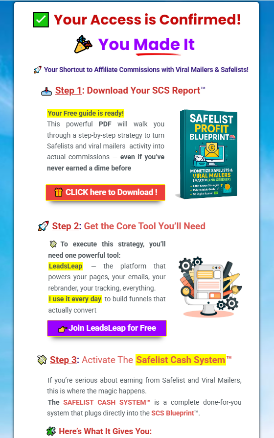 If you’re someone who wants a simple system, clear guidance, and a practical way to start generating leads, the “Safelist Cash System” is definitely worth considering.
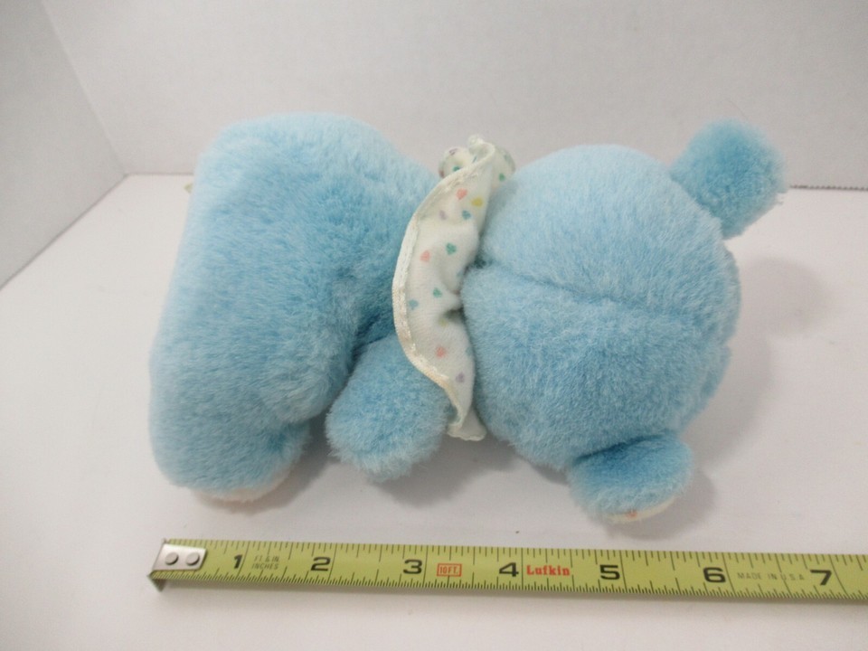 Russ Baby plush blue teddy bear rattle polka dot ears clown collar vintage
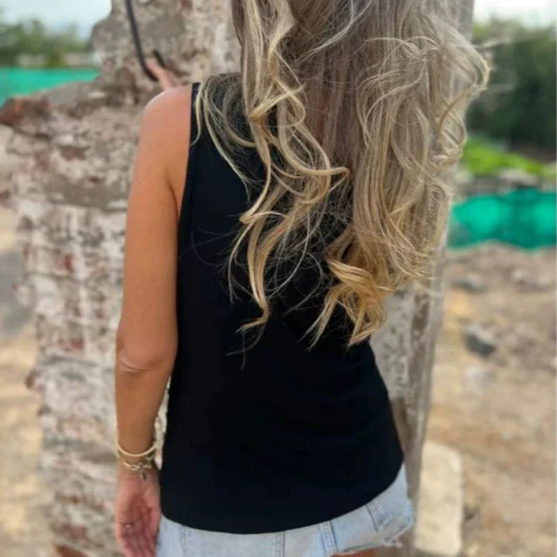 DECORATIVE BUTTONS FOR A TOUCH OF ELEGANCE – Four decorative buttons on the left waist side add an extra flair to the design, elevating this tank top beyond the ordinary. These eye-catching details provide a unique, fashionable twist to a classic design.

....

● EXERCISE: Return the material exactly as given, apart from the pictures.

● EXERCISE ANSWER:
 If you’re someone who wants a simple system, clear guidance, and a practical way to start generating leads, the “Safelist Cash System” is definitely worth considering.
 Russ Baby plush blue teddy bear rattle polka dot ears clown collar vintage
 DECORATIVE BUTTONS FOR A TOUCH OF ELEGANCE – Four decorative buttons on the left waist side add an extra flair to the design, elevating this tank top beyond the ordinary. These eye-catching details provide a unique, fashionable twist to a classic design.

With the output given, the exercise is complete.